伶舟隹溯看他哭得梨花帶雨難免動搖,這時武帝從后伸出手來,將長布頭處結成環扣套在伶舟渡仍捏著自己可憐玉莖的指尖,隨后依次縛住每個關節每個手指,待大半完工后,伶舟渡發現自己竟維持著緊握下體的姿勢松不開手了!
他心中驚駭,很快便想上舉小臂使玉莖滑出掌心,卻見武帝扯著繩子尾端在莖身卵丸根處纏繞數圈,就要打結。伶舟渡腦中嗡鳴,還想垂死掙扎,他一鼓作氣,提起小腿踩著床榻便要起身逃離,卻在兩碩物幾乎拔離雙穴時被伶舟隹溯掐住窄腰重重按下,那兩猙獰刑物陰頭頂著陰頭,夾著異生精室狠狠擦過,隨之又是一番交替猛搗,次次直抵穴心。
“啊!不要,不要頂了!你們...你們放過哥哥吧!”伶舟渡脫力跪坐下來,全然“自覺”地深含兩柄肉棍吃罰。

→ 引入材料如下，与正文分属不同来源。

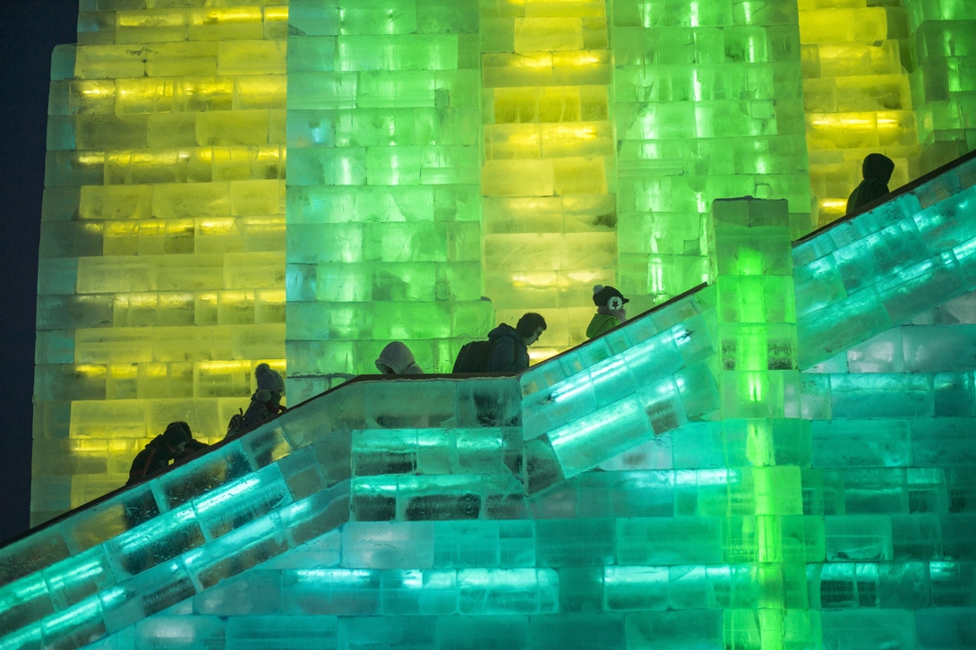 CINA. Turisti e locali lungo la chilometrica scalinata della torre di ghiaccio realizzata al China Ice and Snow World, il 16 ° Festival Internazionale delle sculture di ghiaccio che si tiene ad Harbin, a nord-est della provincia di Heilongjiang. Ogni anno, da gennaio fino a che il tempo lo consente, è possibile visitare questo villaggio che per l’occasione si trasforma in una vera e propria cittadina trasparente, impreziosita da giochi di luci (FRED DUFOUR/AFP/Getty Images)

兩人自是不可能放過他,若說伶舟隹溯先前還會對他心軟,現在看他不乖落跑便是心硬如鐵了。隹溯扁著嘴不做聲,手上卻學武帝將帷帳扯作長繩,把兩邊腿根足踝捆做一處,中間只留短短繩段,既能讓哥哥抬起臀來挨肏,又叫他展不開腿無處可逃。
做罷這些,武帝一口咬上眼前香核,兩至強乾元信香直刺創口,伶舟渡全然癱軟下來,于是兩人狠狠向更深處鑿去,伶舟隹溯生猛闖開胎宮孌口,武帝只覺那穴心都在哆嗦,伶舟渡已經神智全失,下意識抬起身來逃離,可他能逃去哪兒呢?他白玉身子如天明前最后一道月弧孤傲地支撐了幾個眨眼,很快便頹然落下,他復又重重坐在兩根巨物之上,緊縮穴口安慰著兩名夫主,將他們也拉入情熱旋渦。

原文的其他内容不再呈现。